The Pantheon Iconic Rome Hotel occupies a building on Piazza dei Caprettari, minutes from the ancient temple. The hotel is discreet, beautifully considered, and contains one of Rome's most genuinely unusual Michelin-starred restaurants. Francesco Apreda is a Neapolitan chef — born in Naples, trained in Italy, then sent to Asia for years of formative work in London, Tokyo, and across the kitchens of the eastern world. He returned to Italy carrying an archive of spices, techniques, and flavour combinations that no purely Italian culinary education could have given him. Idylio is where that archive becomes cooking.

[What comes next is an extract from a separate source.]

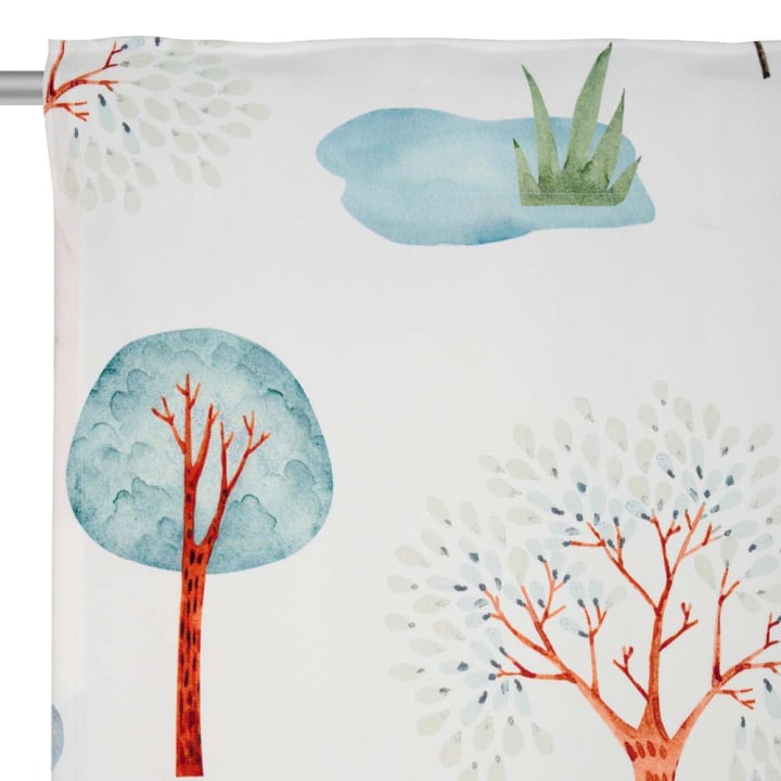 Детската стая винаги е много жизнерадостна и наситена със свежа енергия! Завесите, като ключов детайл в интериорното решение, трябва да допълват тази чудна атмосфера и да дават усещане за уютна защита. Мотивът с цветни дръвчета постига това, като е изобразен върху елегантен, плътен полиестер. Перделикът, ушит в горната част, дава възможност за вариации и промени по всяко време, без затруднение. Независимо от вида корниз, който имате, пердето е адаптируемо и изключително лесно за бърз монтаж както на тръбен, така и на релсов модел. Когато през прозореца навлиза ярко слънце, а детето трябва да поспи, сладките декорации ще му пожелаят уютна дрямка в притъмнена обстановка. Вечерно време шарената завеса ще запазва личния комфорт и необходимото уединение при светнати лампи.

Apreda's menus are organised around spice — not in the manner of Asian fusion, but with the precision of a perfumer mapping aromatic profiles. His most recent programme, "Speziale — La Nuova Rotta," traces a navigator's journey through the spice routes, each course a port of call: a Neapolitan street snack rebuilt with saffron and black cardamom; a Roman pasta with a stock built from star anise and miso; a fish dish that arrives with a broth that recalls simultaneously the Mediterranean and the Sea of Japan. The connections are not arbitrary. They are historically grounded — the spice trade linking the same ports, the same seas, the same civilizations.

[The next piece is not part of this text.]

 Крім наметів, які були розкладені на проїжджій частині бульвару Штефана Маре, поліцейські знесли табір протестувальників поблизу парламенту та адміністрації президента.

The dining room is intimate, decorated in shades of blue and orange that reference the chromatic palette of the spice markets. The service is attentive and genuinely knowledgeable — the team can explain the provenance of every spice in every course, and does so with enthusiasm rather than performance. There are three menus to choose from: Firma Iconica (the chef's established signatures), Speziale (the current spice-route programme), and Idylio's Butterfly (a customisable selection of four courses from the other two). The latter is the correct choice for a first visit — it allows you to map the full range of Apreda's intelligence before committing to a single narrative.
No table currently open in Rome offers a more original, more intellectually stimulating experience of Italian fine dining. Acquolina has the most precise seafood; La Pergola has the most accumulated prestige; Idylio has the most interesting kitchen.